Here’s my first riveting photo, full of cultural insight:
It’s my grande, low-fat, iced chai tea latte from Starbucks. Hey! I paid for it with Korean Won at least.
See, Korea has probably the highest penetration of mobile phone use of anywhere in the world. If you speak Korean you are good to go because Korea is a mecca for mobile phone enthusiasts (as long as you don’t want an iPhone). Unfortunately for Hangul (korean language) challenged folks like myself, cool mobile phone technology is largely out of your grasp. So, you get stuck with one of the lame models that has, at best, marginal English language support.
When it came time to upgrade my phone, I only had one requirement. The phone must be able to take a photo and email it to my regular Internet email account. Now, I finally have it. I can send really interesting photos straight to my blog so that nobody will ever see them. Yippie!
What to do this weekend? I know, I’ll reenact a key asian naval battle!
Okay, I’m not actually going to be doing the reenacting but the subject of this post seemed boring otherwise. It’s gotcha journalism. Don’t hate the player.
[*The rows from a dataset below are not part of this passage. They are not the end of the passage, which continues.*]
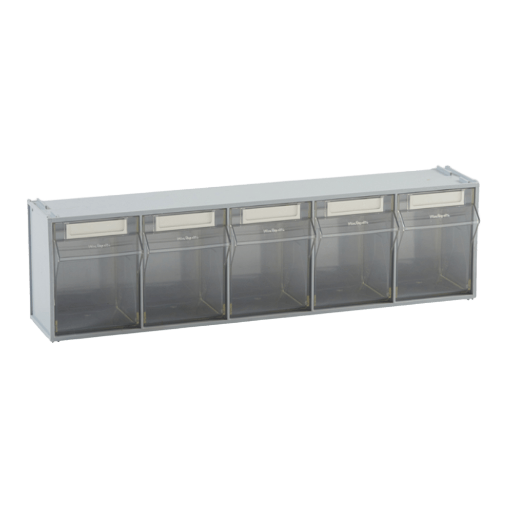 Cajonera Apilable con 9 Cajones Basculantes Cajonera de plástico con 9 cajones basculantes. Ideal para clasificar y organizar pequeños materiales. Medidas de cada contenedor: 600 × 51 × 77 mm.
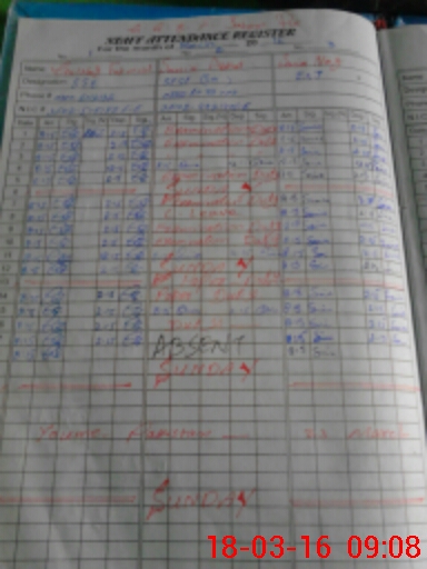 | Monitoring Date: 18-03-2016 | Start Time: 18-03-2016 08:57 AM | End Time: 18-03-2016 10:12 AM | Name of MEA: MU**** SA**** AK**** 13**** | |
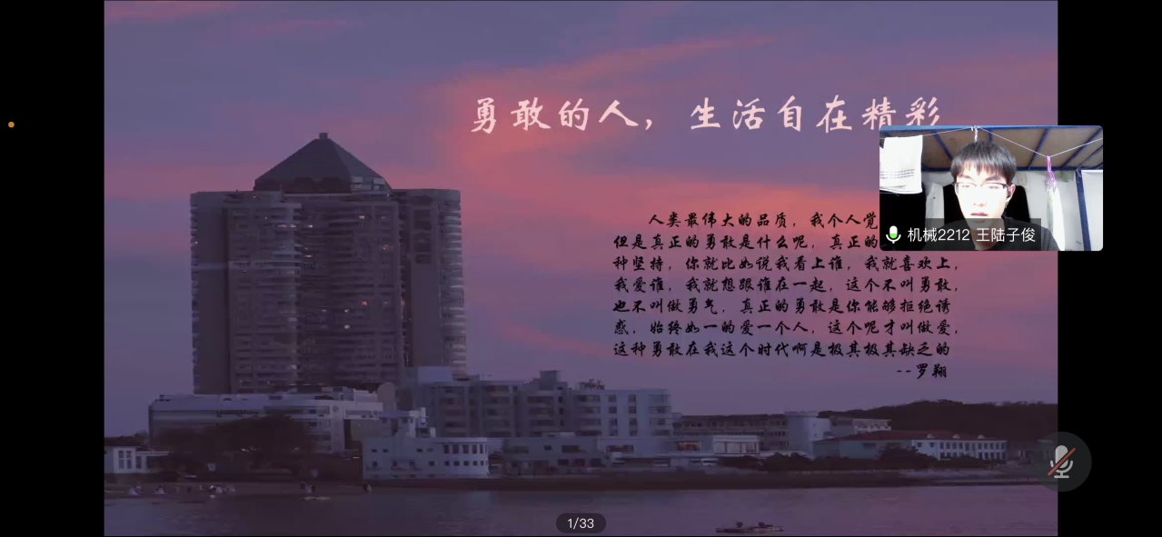 活动共选出50件作品参与线上评选,参赛同学以“寻求文字之魅力”为主题分享了一段对自己感悟极深,对自己人生产生极大影响的文字,做3-5分钟的演讲展示。社团工作人员根据参赛同学的主题思想表达、制作技巧水平、创新创意设计等多个方面进行评选,最终评选出一、二、三等奖。
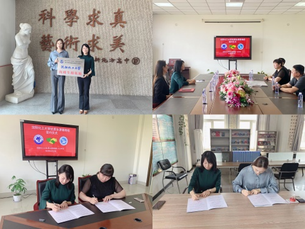 座谈会上,崔晗对我校人才培养、师资队伍、近年招生就业情况进行了简要介绍,她表示,希望学校之间能够建立长久友谊,搭建更优质的平台,为师生创造更为广阔的学习和发展空间。随后,双方共同签署了《沈阳化工大学优质生源基地建设协议书》并举行了授牌仪式。授牌仪式结束后,崔晗为部分同学作了题为“外语学习与跨文化交际”讲座,希望同学们能够将外语学习与专业知识相结合,加强跨文化交流,同时也欢迎同学们能够走进化大、了解化大、融入化大。
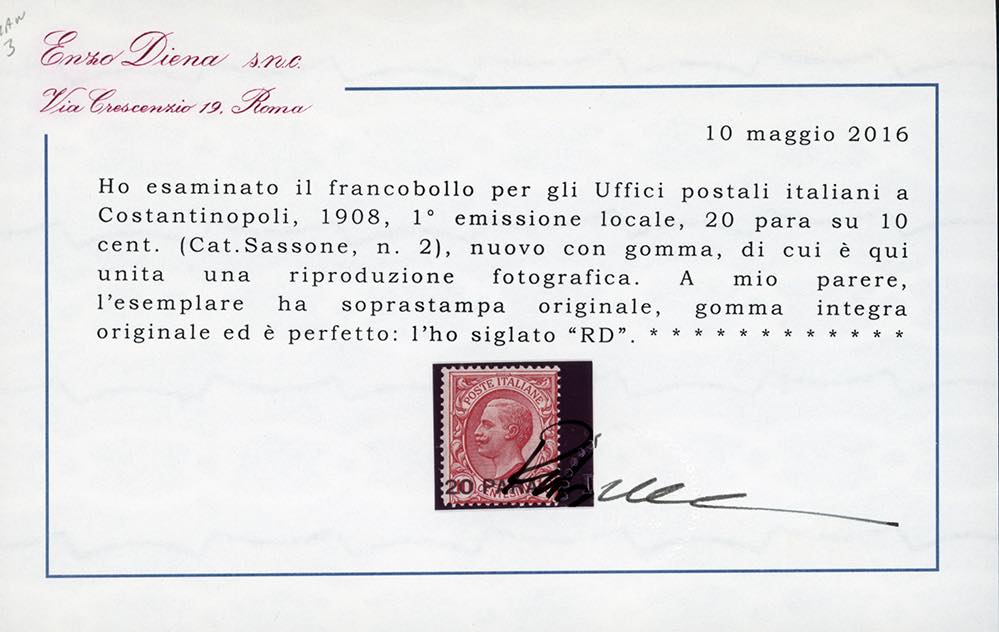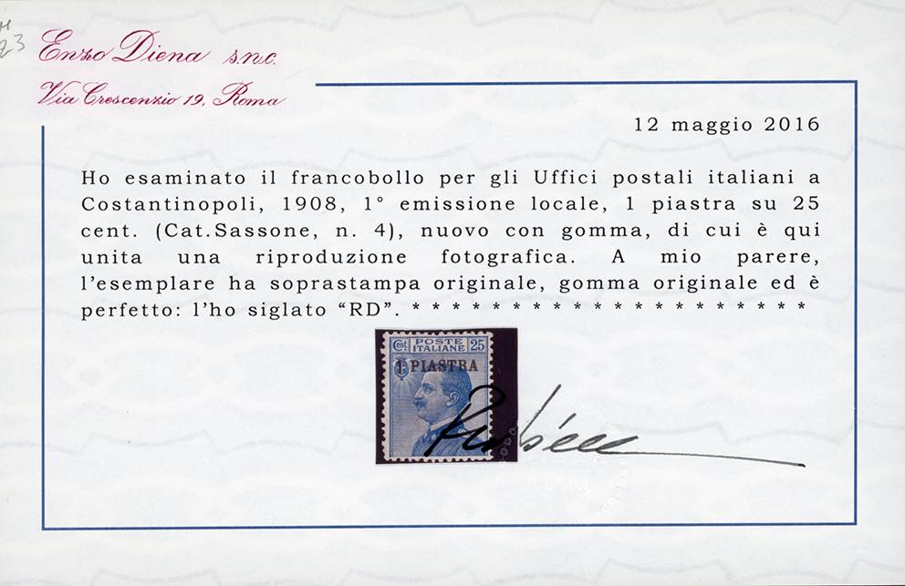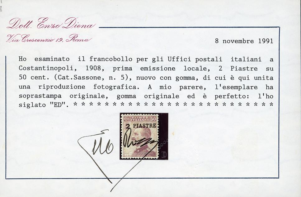 COSTANTINOPOLI 1908 - Prima emissione locale, i primi cinque valori soprastampati (1/5), nuovi, gomma originale, leggera traccia di linguella, perfetti. Il 20 parà cert. Diena, il 30 parà A.Diena e Mondolfo, 1 piastra cert. Diena, 2 piastre Oliva e cert. Diena.
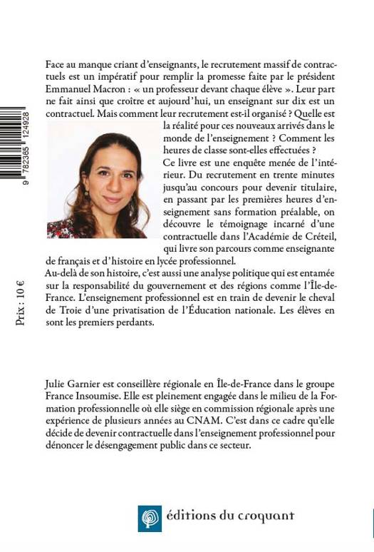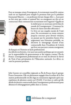 Face au manque criant d’enseignants, le recrutement massif de contractuels est un impératif pour remplir la promesse faite par le président Emmanuel Macron : « un professeur devant chaque élève ». Leur part ne fait ainsi que croître et aujourd’hui, un enseignant sur dix est un contractuel. Mais comment leur recrutement est-il organisé ? Quelle est la réalité pour ces nouveaux arrivés dans le monde de l’enseignement ? Comment les heures de classe sont-elles effectuées ? Ce livre est une enquête menée de l’intérieur. Du recrutement en trente minutes jusqu’au concours pour devenir titulaire, en passant par les premières heures d’enseignement sans formation préalable, on découvre le témoignage incarné d’une contractuelle dans l’Académie de Créteil, qui livre son parcours comme enseignante de français et d’histoire en lycée professionnel. Au-delà de son histoire, c’est aussi une analyse politique qui est entamée sur la responsabilité du gouvernement et des régions comme l’Île-de-France. L’enseignement professionnel est en train de devenir le cheval de Troie d’une privatisation de l’Éducation Nationale. Les élèves sont les premiers perdants de ce nouveau marché qui s’ouvre pour des organismes peu scrupuleux. Pendant que des lycées professionnels ferment leur porte, des millions sont donnés à des acteurs privés sans véritable contrôle. Le résultat est sans appel : pas une seule année ne passe sans qu’un scandale éclate ! Et pendant ce temps, les responsables politiques regardent ailleurs et refusent de défendre un service public de l’éducation fort et ambitieux. A l’heure des défis sociaux, écologiques et internationaux, notre richesse repose pourtant sur les savoirs et compétences transmis aux générations de demain. Face au désengagement public, n’y a-t-il pas finalement une volonté inavouée de la part des dirigeants : confier les clés de l’enseignement professionnel aux entreprises plutôt qu’à l’École ?

Anyway, there is a big festival down in the southwestern part of the Republic of Korea called the 2009 Great Battle of Myeongryang Festival. Part of the festival includes a giant naval reenactment, a parade and more. It sounds like it might be fun. Here’s what the promotional material says:
“Co-hosted by the province of Jeollanam-do and the counties of Haenam-
gun and Jindo-gun, the 2009 Great Battle of Myeongryang Festival (Oct 9-11) celebrates the miraculous triumph at the Battle of Myeongryang, when war hero Admiral Yi Sun-sin led 13 Korean ships to victory over an enemy Japanese fleet of 333 ships. The four-day festival, to be held from Oct. 8 to 11 in the area around the Myeongryang Strait (also known as the Uldol Strait), is highlighted by a spectacular recreation of the battle — the massive reenactment features about 100 boats owned by local fishermen, with a total crew of 3,000 men. While you’re in town, you can take in the wonders of the so-called Namdo region, which encompasses the far southwestern corner of the Korean Peninsula. Sites include the beautiful Buddhist temples of Daeheung-sa and Mihwang-sa and the scenic island of Jindo. Throw into the mix some of the finest food in Korea, and you’re set for an outstanding weekend. More Information: (061) 286-5251 or www.mrdc.kr. Getting There: Most of the festival activities take place along the Myeongryang Strait, near the Jindo Bridge. To get there from Seoul, take the KTX from Seoul’s Yongsan Station to Mokpo (travel time: 3hr 30min). There are shuttle buses to the venue from Mokpo Station.”